What makes greatness?
A very exciting weekend for horse-racing as after 37 years we finally have a Triple Crown winner in American Pharoah! I was walking by a sports bar and decided I wouldn’t linger because of the stream of disappointments over the years. I have written about competition and racehorses before — see Horse Sense. But this was a very special victory. I have been thinking a lot more about competition after reading Peter Thiel’s book. The parallels to racing are perhaps not obvious as horse-racing is becoming increasingly arcane in an era of professional team sports. But one of Thiel’s more interesting premises is that competition is a destructive force.
There is no more explicit competition than a horse-race — the team behind a race-horse is massive including even barnyard animals but there are some qualities that make great horses different. I rewatched the Kentucky Derby, the Preakness and the Belmont stakes for American Pharoah and was very impressed in particular about the Preakness win — it was a very slushy track and he won with a good lead.
Still I couldn’t help reflecting on a more important racehorse in history — Secretariat — the Triple Crown winner in 1973 — he was the 9th Triple Crown winner and the first in 25 years. He was a giant tank of a horse — a chestnut called Big Red — there hasn’t been a racehorse like him since. He still holds the record for the Triple Crown all three races.
History is important — there is a link to the past in American Pharoah — Terilingua — one of Secretariat’s fillies — he was known as a more influential sire of fillies than colts is the great-grand-dam of American Pharoah. But it’s hard to speculate on the genetics of things though I will write very soon about how a predisposition to tanning can be traced to a gene.

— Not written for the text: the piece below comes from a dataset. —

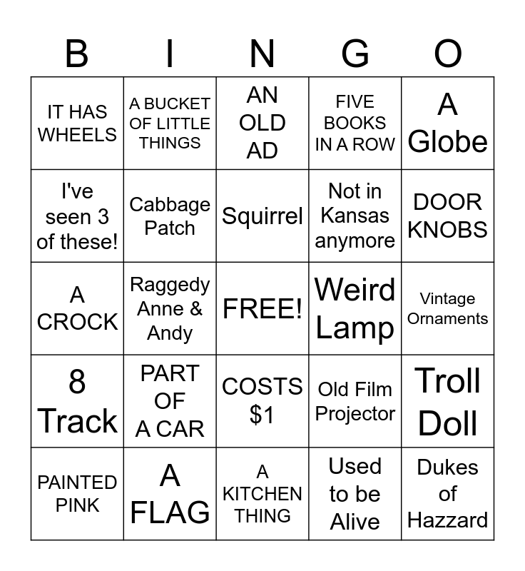 This bingo card has a free space and 44 words: A RUSTY THING, Dukes of Hazzard, COSTS MORE THAN $100, PAINTED PINK, Fishing Gear, Used to be Alive, AN OLD AD, WHAT IS THAT?, A Globe, A FLAG, FIVE BOOKS IN A ROW, Weird Lamp, COSTS $1, PART OF A CAR, AN OLD TOOL, A KITCHEN THING, COCA- COLA, A CROCK, A BELL, DOOR KNOBS, A BUCKET OF LITTLE THINGS, Vintage Typewriter, A FURRY THING, IT HAS WHEELS, Odd Jesus, Vintage Ornaments, Darth Vader, Culturally Questionable, Old Film Projector, 8 Track, Gnome, Troll Doll, 1960's Magazine, Ice Skates, Raggedy Anne & Andy, Old Photograph, Cowboy Figure, Peacock Feather, Squirrel, I've seen 3 of these!, Not in Kansas anymore, Lunchbox, Cabbage Patch and Kool-Aid Cups.

What’s interesting is Secretariat — he really is the unicorn of horse-racing — didn’t have an auspicious start to his career — he was a skittish starter out of the gates and had a victory of his reversed for hedging in another horse. This was something that continued into his crowning days — he was last out of the gates for the Derby and made a leisurely way to the lead before he set the record. This makes his Derby record a result of fine competition by Sham who would have been a Triple Crown contender in any other year. His Preakness win was by 2 and 1/2 lengths and impressive.

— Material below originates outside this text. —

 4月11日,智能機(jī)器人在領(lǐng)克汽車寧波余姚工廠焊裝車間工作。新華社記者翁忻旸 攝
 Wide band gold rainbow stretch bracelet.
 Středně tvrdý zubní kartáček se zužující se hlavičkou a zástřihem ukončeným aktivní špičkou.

But to understand racing greatness you have to see Secretariat at Belmont — it is the most beautiful horse race and I wish dearly I had been alive then to see it — he wins by 31 lengths — he is only in competition with himself. That is what defines greatness — it’s not the records — it’s a horse running his own race heedless of the environment — the purest athleticism ignoring competition. As impressive as American Pharoah’s win is he is still not a Secretariat — that is what makes greatness and I feel what Peter Thiel was talking about. It’s not merely about finding a race you want to win but a race you will be running with your heart out even after you’ve “won”. Maybe it’s easier if you’re a horse but it’s a worthy goal for everyone.
Ha — apparently not a unique comparison — see Nate Silver’s blog for more interesting data!